= Sarah-Jayne Howard =

New Zealand dancer

Sarah-Jayne Howard (born 3 July 1976) is a New Zealand dancer and choreographer. She was associate artistic director at Australian Dance Theatre in Adelaide from 2018 until 2023, when she took up a role with Restless Dance Theatre.

== Early life and education ==
Sarah-Jayne Howard was born on 3 July 1976 in South Africa. She grew up in Stratford, Taranaki, New Zealand, after emigrating there with her family when she was five years old.

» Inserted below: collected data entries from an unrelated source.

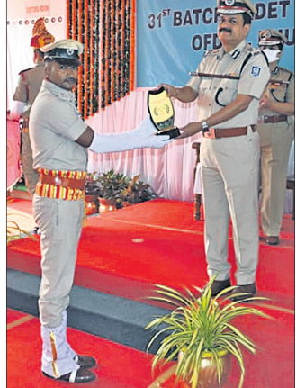
ଉଦ୍ଘାଟନ ପ୍ରସିଦ୍ଧିତ ଅଧିକାରୀଙ୍କୁ ପୁରସ୍କୃତ କରାଯାଇଛି।

ଭୁବନେଶ୍ୱର, ୯।୧୧ (ବୁଧବେ): ଓଡ଼ିଶା ଅଗ୍ନିଶମ ବିପଦନିମ୍ୱାରଣ ପ୍ରତିଷ୍ଠାନ ପକ୍ଷରୁ ବୁଧବାର ବରପୁଣ୍ୟାଠାରେ ୩୧ତମ ଅଗ୍ନିଶମ କେନ୍ଦ୍ରାଧିକାରୀ ପ୍ରଶିକ୍ଷାଧିକାରୀ ସମାବେଶର ଉଦ୍ଘାଟନ ଅନୁଷ୍ଠିତ ହୋଇଯାଇଛି।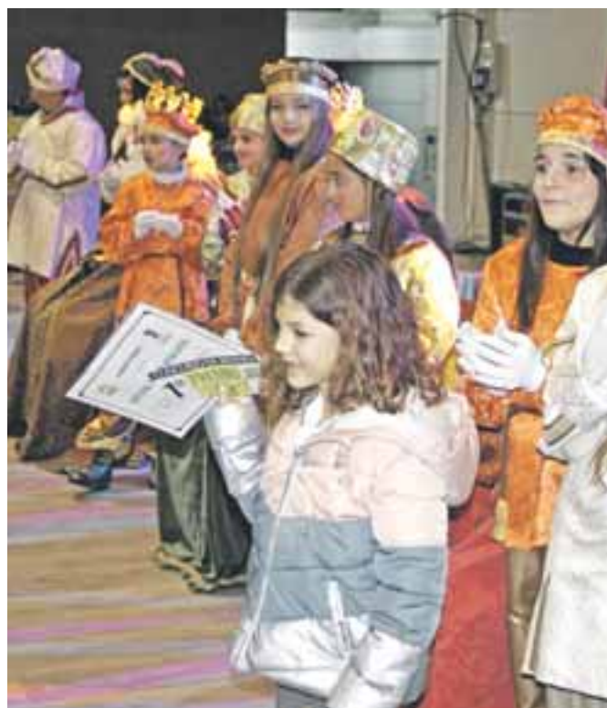
C.PI. Val de la Atalaya, 1er premio del Concurso de Belenes.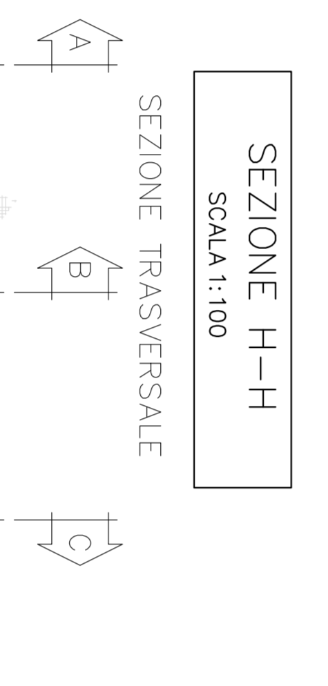
SEZIONE H-H SCALA 1:100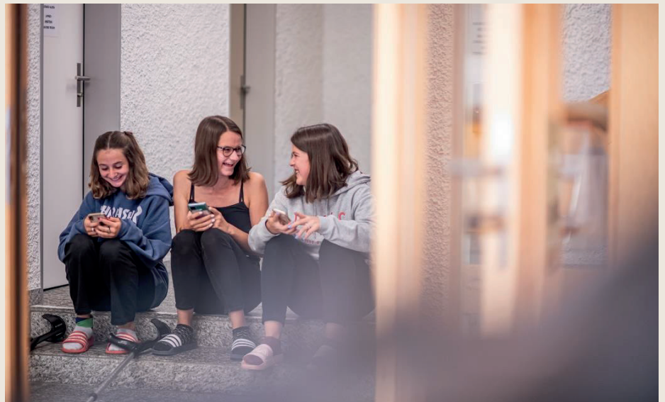
Mittagspause Schülerinnen der SBA

She trained at the New Zealand School of Dance, and graduated with honours in 1995.

==Career==
Howard danced for Meryl Tankard’s Australian Dance Theatre for four years and also choreographed two solo works for the company: Tonight and Veronique. She has also danced in Australia with Garry Stewart's company Thwack! and Gideon Obarzanek's Chunky Move dance company, and choreographed for Company B (later Belvoir), in Sydney.

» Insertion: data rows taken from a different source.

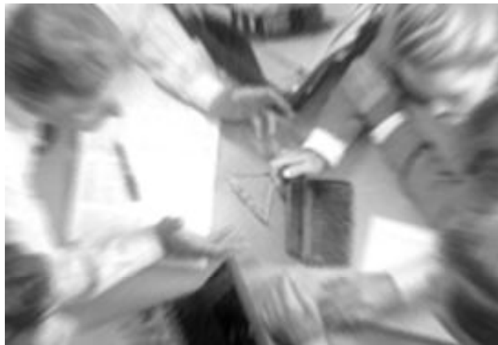
No podemos caer en la tentación de entrar en un ajeteo incesante

Y es que cuando hay que ultimar tantos detalles, puede suceder que los árboles no nos dejen ver el bosque; es decir, que fijando la atención en miles de cosas pequeñas perdamos de vista lo importante. Y lo importante es ser conscientes de lo que Dios nos da cada día: empezando por el regalo de la vida junto a los seres queridos y continuando con toda una serie de cosas, que porque son cotidianas y las disfrutamos siempre, hay momentos en que no las apreciamos. Por eso no podemos caer en la tenta-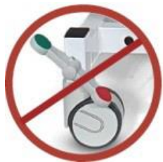
Art.-Nr. 1181 Entfall der serienmäßigen Fahrbarkeit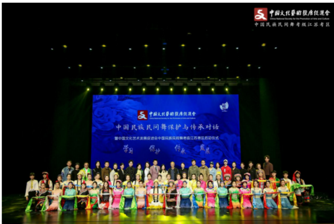
图片 1: 中国文化艺术发展促进会主办、学校承办中国民族民间舞保护和传承对话活动。

学校专业秉持“修德治艺，崇文笃行”校训，按照“围绕舞台、传承文化、服务社会”的办学宗旨，育训结合，对接产业，服务行业，提质培优，发挥舞蹈表演专业建设的引领促进作用。瞄准文化产业市场，培养德艺双馨艺术人才；弘扬地方特色文化，担当传统艺术传承人培养重任；推动产教有效融通，创建“校团一体，学演结合”的艺术教育新模式；服务地方文化建设，打造无锡文化艺术闪亮品牌。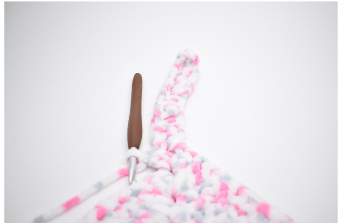
32. Szydełkuj 2 sł w łuku.”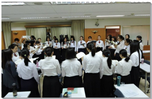
▲學生們會中唱詩，彼此挑旺

She returned to New Zealand, where she performed in Inland, choreographed by Douglas Wright; White, by Raewyn Hill; and Weather, dancing with Michael Parmenter.

In 2007 she performed in Meryl Tankard's Kaidan at the Sydney Festival, and the following year travelled to London to perform in roadkill by Splinter group.

In 2018, she was appointed associate artistic director at Australian Dance Theatre under Garry Stewart. She continued in the role under new artistic director Daniel Riley until 2023, moving to become Public Programs Executive in Education Outreach for Restless Dance Theatre until 2025.

==Recognition and awards==
In 2002, Howard was one of three finalists in the inaugural Rolex Mentor and Protégé Arts Initiative

In 2007, she received an Arts Foundation of New Zealand Laureate Award.

== Personal life ==
Howard married actor Nathan Page, and they have two sons. They moved from Melbourne to Adelaide in 2018.